Затем перейдите на вкладку MSFragger и добавьте определенные дельта-массы наблюдаемых гликанов в разделы Переменные модификации и Смещения массы с отдельными массами, разделенными косой чертой. Затем добавьте гликаноассоциированные массы фрагментов этих гликанов в раздел Glyco/Labile Mods MSFragger. Наконец, загрузите все данные о рассеянном склерозе, связанные с протеомными исследованиями, в централизованные протеомные хранилища, такие как репозитории PRIDE или MassIVE.
Открытые поиски штамма Acinetobacter baumannii AB307-0294 выявили две доминирующие дельта-массы, соответствующие 648,25 и 692,28 дальтонам. Известно, что капсула ACICU состоит из тетрасахаридной К-единицы, соответствующей прогнозируемой массе 843,31 дальтона. Эта структура капсулы согласуется с наиболее часто наблюдаемой дельта-массой в пределах ACICU.
Открытый поисковый анализ штамма D1279779 выявил наличие множественных дельта-масс, согласующихся с 203,08, 794,31 и 1588,62 дальтон. С помощью интерактивного пептидного спектрального аннотатора были оценены гликопептиды, идентифицированные на трех штаммах A.baumannii, выявляющие потенциальные гликан-ассоциированные ионы.

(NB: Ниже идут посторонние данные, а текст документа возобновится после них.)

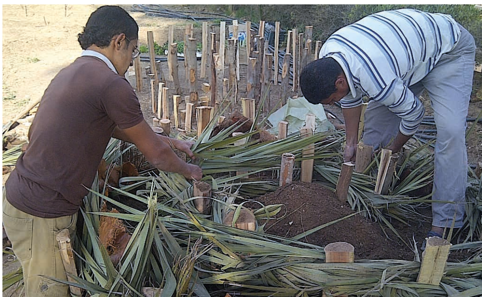
Team members create a herb garden in the form of a spiral as part of the new SEKEM school garden.

In an ambitious project, the school garden of the SEKEM School undergoes a professional redesign. In addition to biodynamic farming, permaculture is also to be used when the project is completed.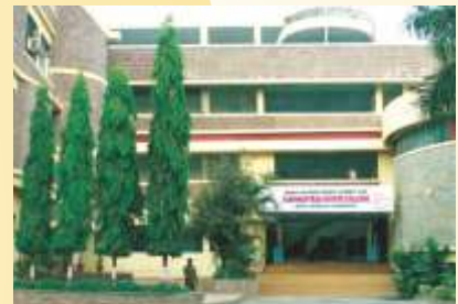
YASHAWANTRAO MOHITE COLLEGE, PUNE

Поиски, ориентированные на гликаны, привели к заметному увеличению общего числа спектральных совпадений гликопептидов / пептидов, идентифицированных во всех трех штаммах A.baumannii, что соответствует увеличению ACICU на 37%, увеличению AB307-0294 на 117% и увеличению D1279779 на 363%.
Для отдельных событий РС включение информации, специфичной для гликана, обычно увеличивает наблюдаемую гипероценку, хотя это увеличение сильно зависит от гликана. При проведении обогащения ZIC-HILIC убедитесь, что смола всегда остается влажной, так как потеря растворителя может поставить под угрозу выделение гликопептидов. Данные о различиях в гликозилировании могут быть использованы для информирования исследований мутагенеза или выявления классов генов, ответственных за биосинтез гликанов.
Используя открытый поиск в базе данных, мы начали характеризовать разнообразие гликанов среди бактериальных родов. Это показало, что бактериальное гликозилирование является более распространенным и гораздо более разнообразным, чем мы когда-то думали.